■ Provided data ■
━━━━━━━━

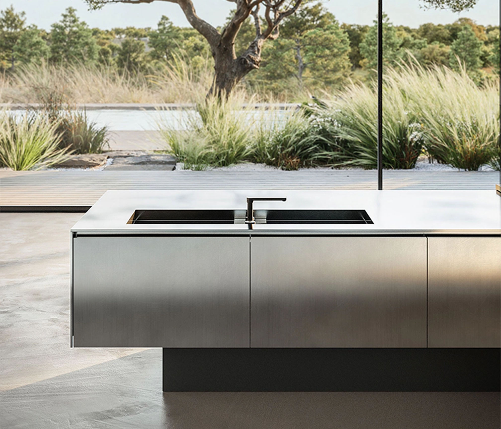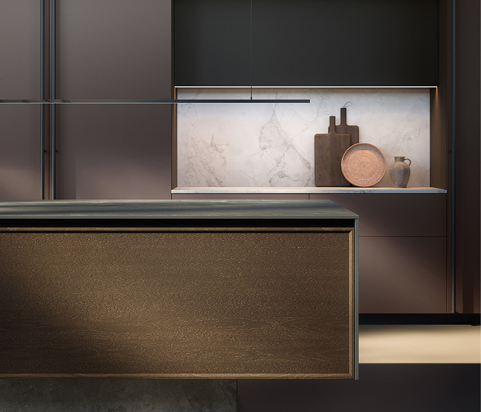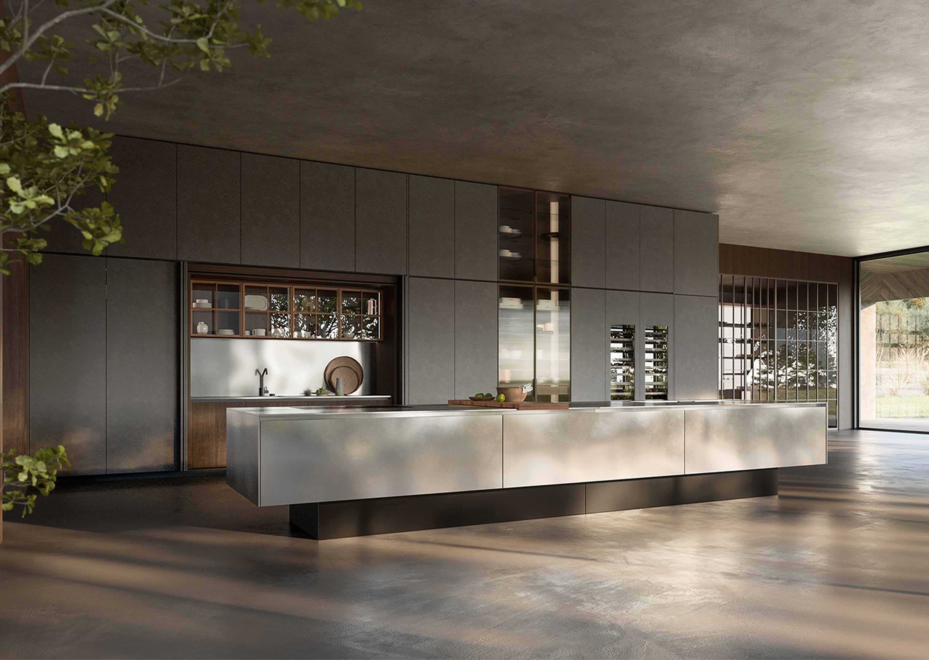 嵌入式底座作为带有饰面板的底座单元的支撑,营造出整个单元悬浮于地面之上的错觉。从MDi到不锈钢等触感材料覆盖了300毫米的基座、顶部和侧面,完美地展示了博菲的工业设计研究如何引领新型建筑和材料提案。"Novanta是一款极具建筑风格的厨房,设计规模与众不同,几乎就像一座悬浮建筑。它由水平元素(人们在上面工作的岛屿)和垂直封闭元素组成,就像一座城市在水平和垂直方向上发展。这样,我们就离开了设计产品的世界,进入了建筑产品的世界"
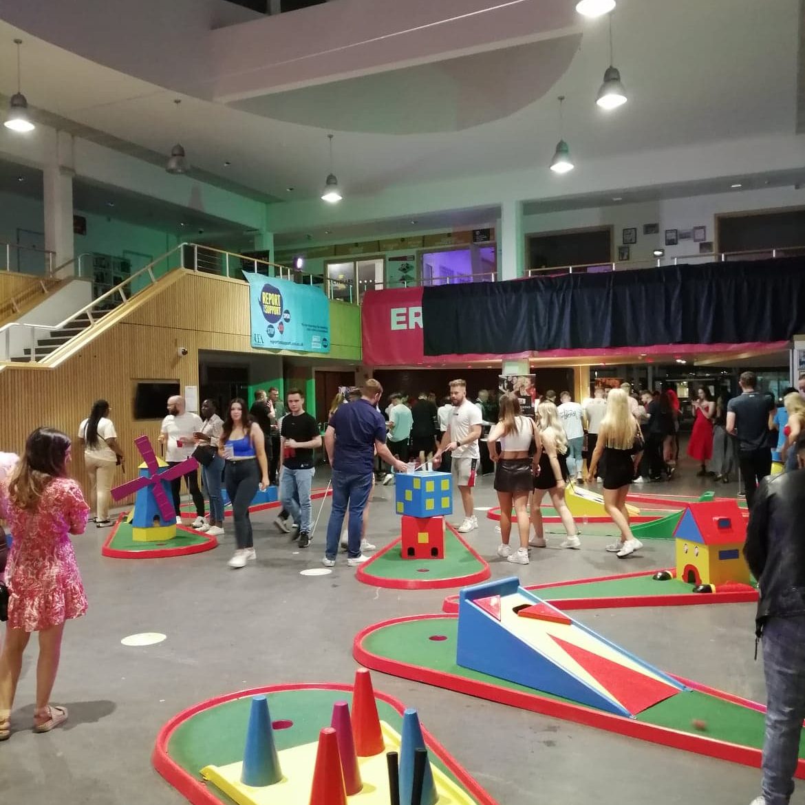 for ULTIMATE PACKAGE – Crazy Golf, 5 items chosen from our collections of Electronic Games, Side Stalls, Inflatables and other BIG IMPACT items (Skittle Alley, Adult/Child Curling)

━━━━━━━━

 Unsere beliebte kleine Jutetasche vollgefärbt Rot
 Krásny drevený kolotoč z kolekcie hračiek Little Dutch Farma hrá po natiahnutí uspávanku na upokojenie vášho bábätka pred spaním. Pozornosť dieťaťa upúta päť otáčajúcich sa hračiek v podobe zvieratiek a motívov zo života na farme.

━━━━━━━━

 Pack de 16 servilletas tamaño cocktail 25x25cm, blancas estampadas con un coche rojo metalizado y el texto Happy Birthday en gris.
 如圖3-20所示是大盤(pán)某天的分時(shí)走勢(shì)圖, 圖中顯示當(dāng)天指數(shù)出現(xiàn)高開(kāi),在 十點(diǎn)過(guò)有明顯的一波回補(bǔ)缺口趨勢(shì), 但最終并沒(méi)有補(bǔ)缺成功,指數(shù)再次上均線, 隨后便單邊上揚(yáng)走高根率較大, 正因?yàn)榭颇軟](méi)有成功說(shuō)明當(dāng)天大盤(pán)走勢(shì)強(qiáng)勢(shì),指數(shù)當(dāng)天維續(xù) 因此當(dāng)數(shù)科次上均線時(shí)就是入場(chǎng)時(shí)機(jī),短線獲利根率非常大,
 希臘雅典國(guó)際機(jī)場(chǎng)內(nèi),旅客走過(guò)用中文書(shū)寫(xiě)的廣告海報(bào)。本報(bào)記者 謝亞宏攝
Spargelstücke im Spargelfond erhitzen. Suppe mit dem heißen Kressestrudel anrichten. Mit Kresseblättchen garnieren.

━━━━━━━━

■ Work required ■
Copy every line from the entries that contains the word "chǎng".

■ Problem solution ■
 如圖3-20所示是大盤(pán)某天的分時(shí)走勢(shì)圖, 圖中顯示當(dāng)天指數(shù)出現(xiàn)高開(kāi),在 十點(diǎn)過(guò)有明顯的一波回補(bǔ)缺口趨勢(shì), 但最終并沒(méi)有補(bǔ)缺成功,指數(shù)再次上均線, 隨后便單邊上揚(yáng)走高根率較大, 正因?yàn)榭颇軟](méi)有成功說(shuō)明當(dāng)天大盤(pán)走勢(shì)強(qiáng)勢(shì),指數(shù)當(dāng)天維續(xù) 因此當(dāng)數(shù)科次上均線時(shí)就是入場(chǎng)時(shí)機(jī),短線獲利根率非常大,
 希臘雅典國(guó)際機(jī)場(chǎng)內(nèi),旅客走過(guò)用中文書(shū)寫(xiě)的廣告海報(bào)。本報(bào)記者 謝亞宏攝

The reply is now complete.